冷たい雨の少女(1)
039番、上月澪は森の中を走っていた。
わけがわからなかった。
こんな場所に連れてこられ、殺し合いなんてさせられて。
少し前までは、学校で平凡な日常を過ごしていたのに。
木の根に足をとられ、転ぶ。
だがすぐに起き上がり、走り出す。
誰かに狙われているかもしれないのだ、止まっているわけにはいかなかった。
『こわいの。

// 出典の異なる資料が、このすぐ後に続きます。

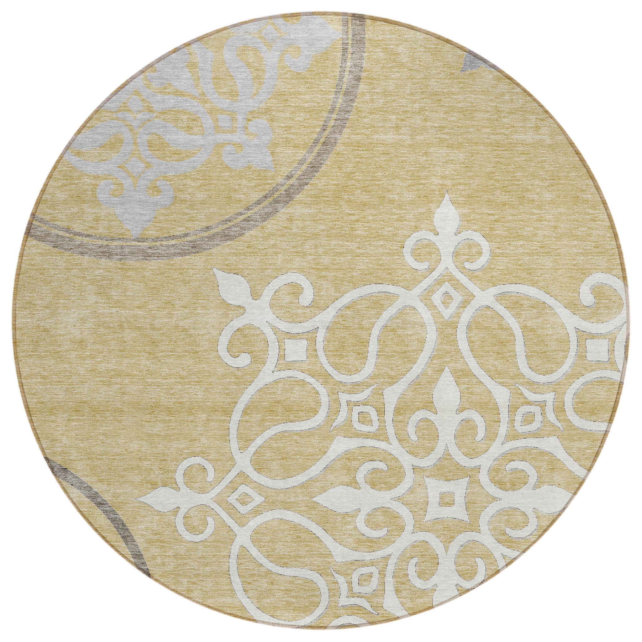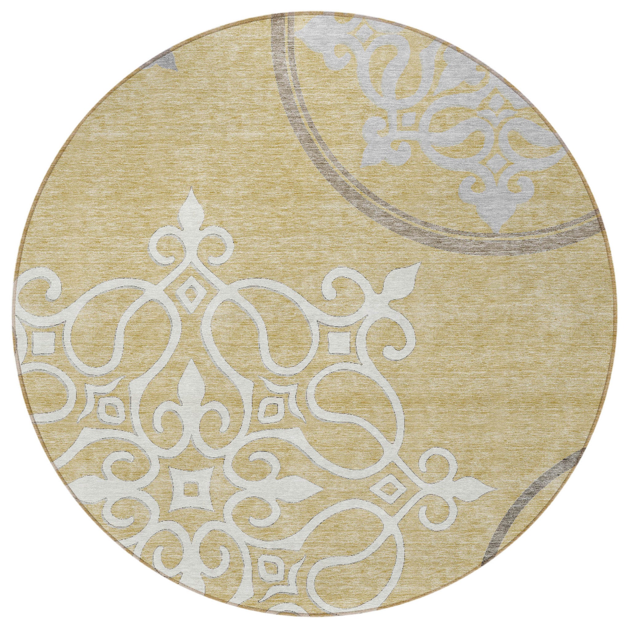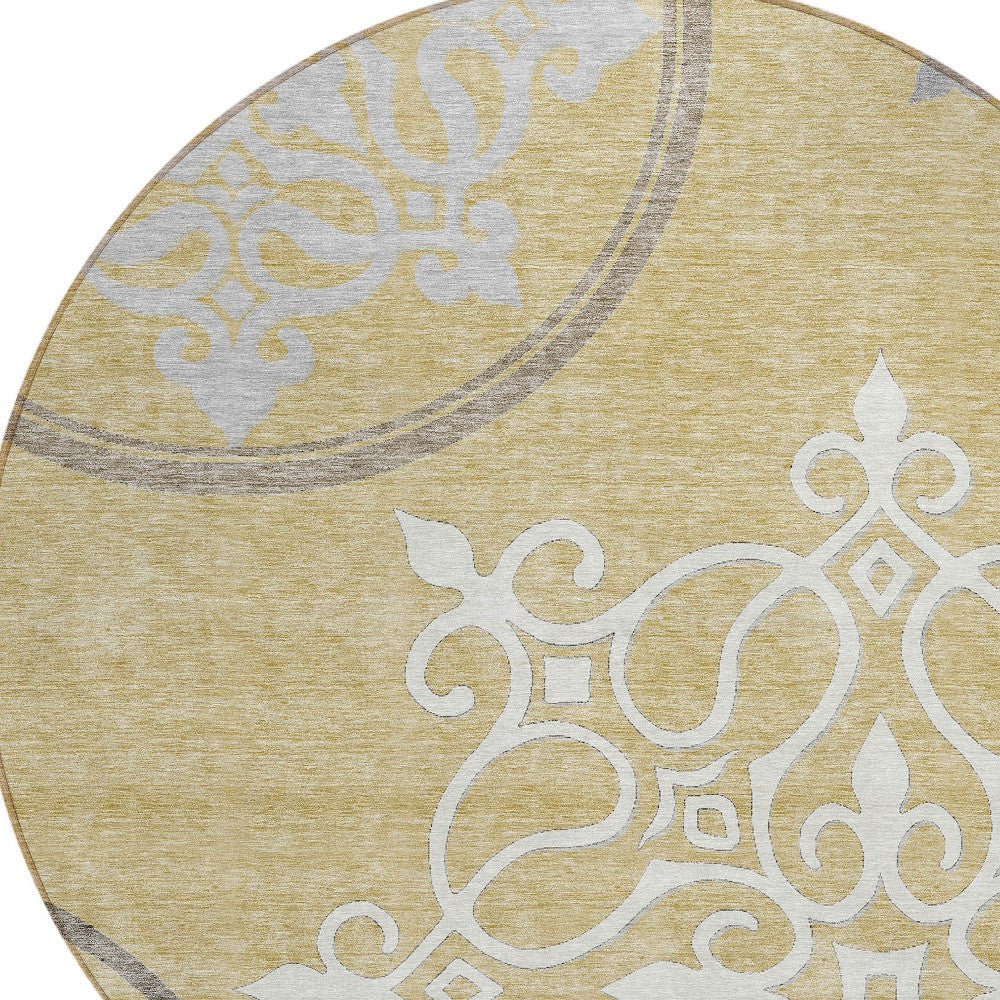 8' Gold Ivory And Gray Round Floral Medallion Washable Indoor Outdoor Area Rug

嫌なの……』
瞳に大粒の涙を浮かべながら。
「澪!」
誰かに呼ばれ、振り返る。
043番、里村茜だった。
『先輩なの!』
知らない人間ばかりのこの場所で、折原浩平と並んで信頼のおける人だった。
一見冷たいように見えて、実は誰よりも心の暖かい少女。
気付いた時には、茜の胸に飛びこんでいた。
「澪……怖かったの?」
うんっ。
首を縦に振る。
「そう。もう大丈夫……」
先輩の声が聞こえる。
よかった、こんなに早く会えてよかった。
信頼できる人に。
その時だった。
首筋に痛みが走る。
全身から力が抜け、地面に倒れた。
何が起きたのかわからない。
だが、最後に見えたのは、血の滴るナイフを持った茜の姿だった。
「もう、何も考えないですむでしょ」
その声が澪の耳に届くことは、なかった。